Motion of double pendulum colliding with an obstacle of rough surface

Abstract

The externally excited and damped vibration of the double pendulum in the vertical plane are considered. The pendulum can collide many times during the motion with a motionless obstacle having the rough surface. The double pendulum colliding with this object has been modeled as a piecewise smooth system constrained by the unilateral constraint. In the relatively long time between the collisions, the differential equations govern the motion of the pendulum. When the contact with the obstacle appears, the pendulum exhibits a discontinuous behavior. An important element of the solving algorithm is aimed on the continuous tracking of the position of the pendulum in order to detect the collision with the unilateral constraints and to determine the state vector of the pendulum at the impact time instant. A single collision is described by the Euler’s laws of motion in the integral form. The equations are supplemented by the Poisson’s hypothesis and Coulomb’s law of friction.

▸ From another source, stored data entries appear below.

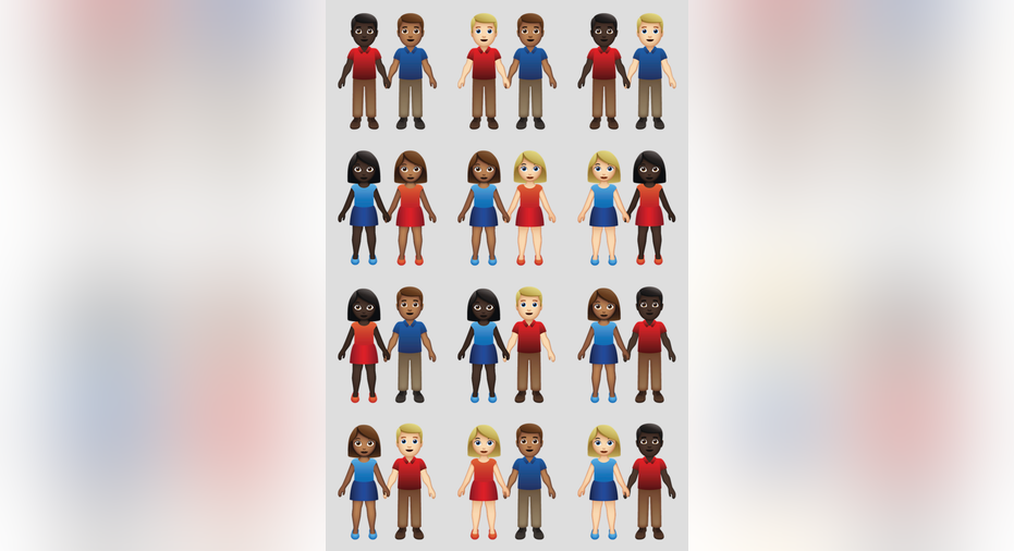 This undated illustration provided by Tinder/Emojination shows new variations of interracial emoji couples. In the world of emojis, interracial couples had virtually no options in terms of skin tone. But the emoji gods, otherwise known as the Unicode Consortium, recently rectified that, approving 71 new variations. Using six skin tones already available for one-person emojis, vendors such as Apple, Google and Microsoft will now be able to offer couples of color. Additions are expected later this year. (Tinder/Emojination via AP)
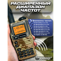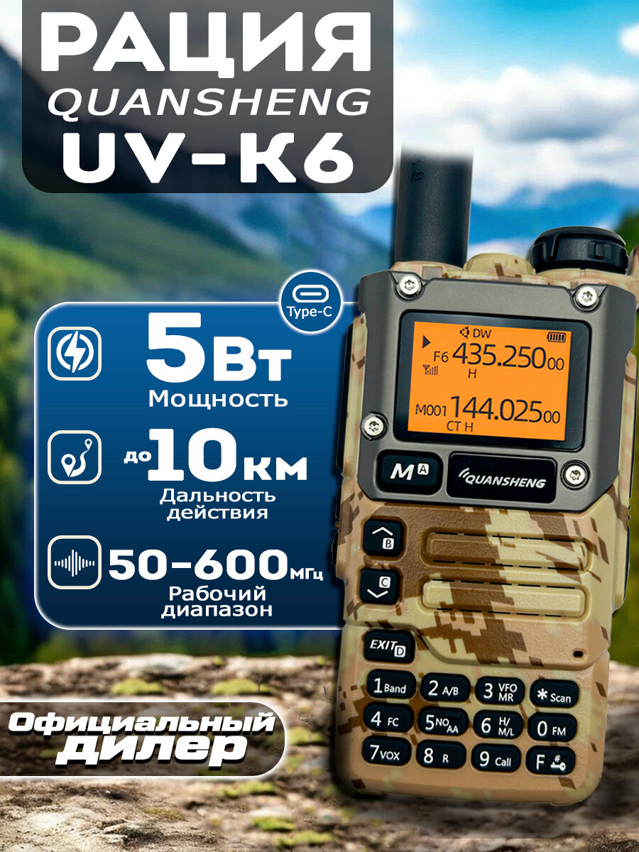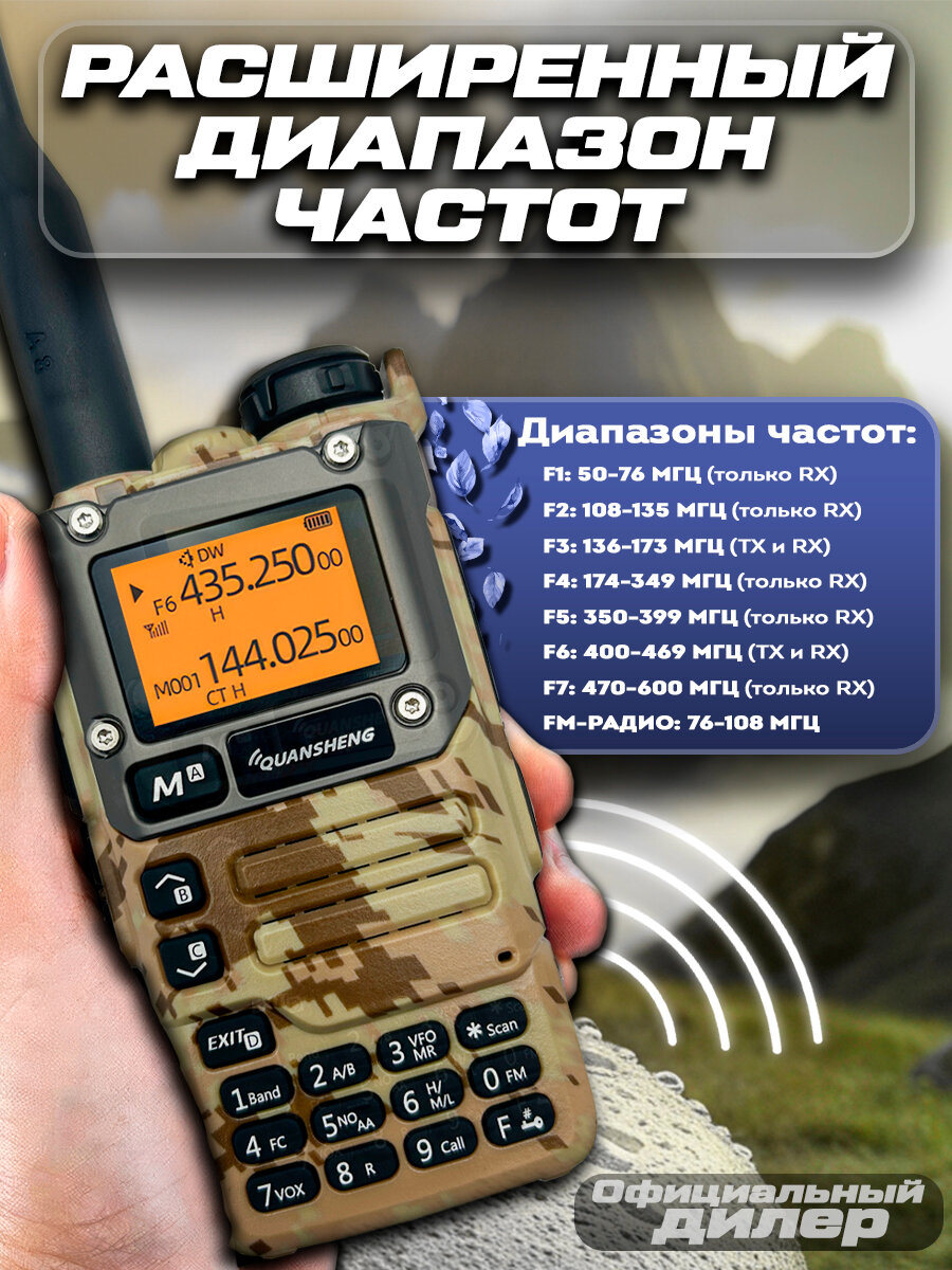 Quansheng UV-K6 радиостанция имеет два основных рабочих диапазона: от 136 до 174 МГц и от 400 до 470 МГц. Однако, ее уникальность заключается в том, что она способна принимать сигналы в расширенном диапазоне от 50 МГц до 600 МГц (с некоторыми пропусками) включая авиационные и речные частоты. Кроме того, радиостанция предоставляет возможность настроить ее на прием 15-го канала гражданского диапазона (CB), который работает на частоте 27.135 МГц. Для этого потребуются дополнительные аксессуары: переходник SU-322 и специальная антенна для приема CB частот.
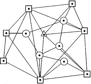 Рис.П.1.1 Схема спутниковой городской геодезической сети с тремя исходными пунктами
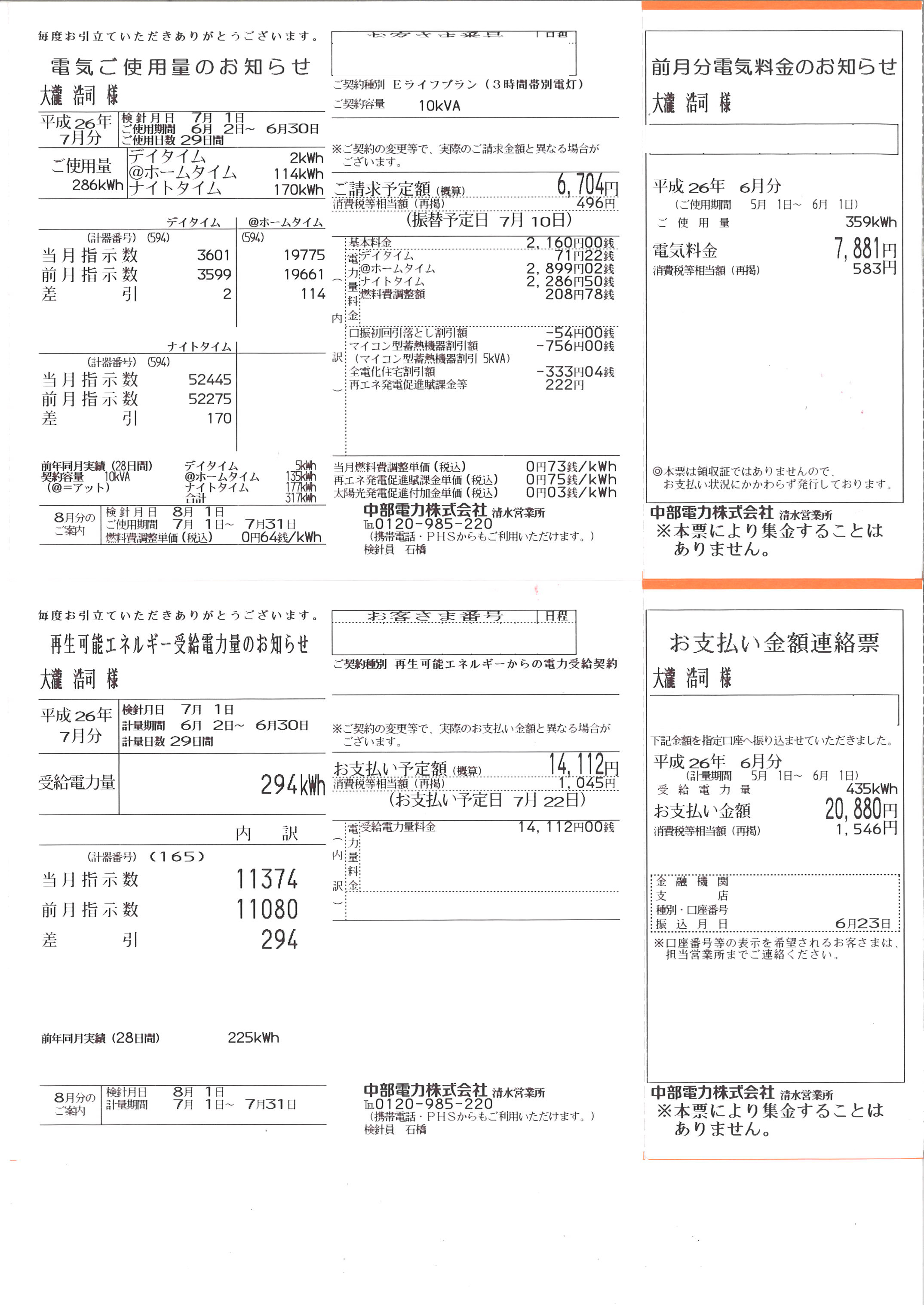 我が家の電気料金公開@6月
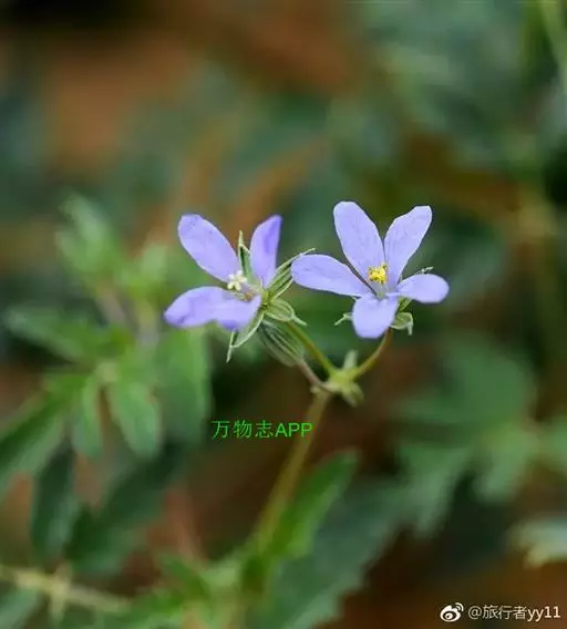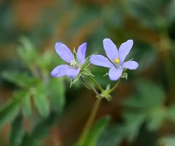 一年生草本,高7-15厘米,全株被灰白色柔毛。茎仰卧或基部仰卧,下部多分枝。叶对生;托叶钻状,长约2毫米,被短柔毛;基生叶和茎下部叶具长柄,柄长5-6厘米;叶片长卵形或三角状卵形,长15-25毫米,宽10-15毫米,不分裂,边缘具不整齐的圆齿,或通常3深裂,中裂片较大,长卵形,边缘具浅裂状圆齿,侧裂片较小,边缘为不规则圆齿,表面密被短柔毛,背面被短绒毛;茎上部叶柄较短,叶片较小,裂片有时全缘。总花梗腋生或顶生,长2-3厘米,密被短绒毛,每梗具2花或有时1-3花;花梗与总花梗相似,长为总花梗的1半或近等长;萼片椭圆形或椭圆状卵形,长5-6毫米,先端圆形,具短尖头,背面密被短柔毛;花瓣紫红色,倒卵形,与萼片近等长;雄蕊中部以下扩展。蒴果椭圆形,长5-6毫米,宽3-4毫米,被开展或稍向上的长柔毛,上部通常具横沟纹;喙长达7-9厘米,易脱落,成熟裂开后呈羽毛状。花期4-5月,果期5-6月。
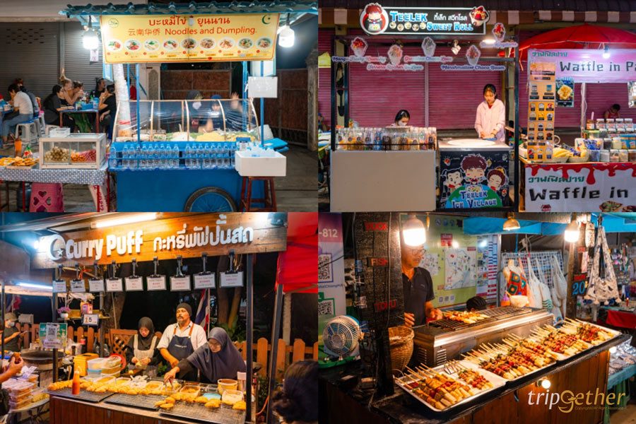 ยืนหนึ่งในถนนคนเดินก็คงหนีไม่พ้นเรื่องของอาหาร เพราะที่นี่ตลอดสองฝั่งข้างทางเต็มไปด้วยเมนูอาหารที่หลากหลายทั้งอาหารท้องถิ่น อาหารนานาชาติ อาหารไทย ของกินเล่น น้ำปั่น ไปจนถึงขนม เรียกได้ว่าไม่ต้องกลัวไม่อิ่มกันเลยทีเดียว

The friction law is formulated for the instantaneous values of the reaction forces. The values of their impulses depend on the existence of a slip between the contacting bodies. Therefore, the Coulomb law cannot be generalized for the linear impulses of the forces in a simple way. We have applied the Routh method in order to solve the problem. The method has a simple geometrical interpretation in the impulse space. The angular velocities of both pendulum parts as well as the reaction forces at the joints of the system, which change in stepwise manner, have been presented in the paper.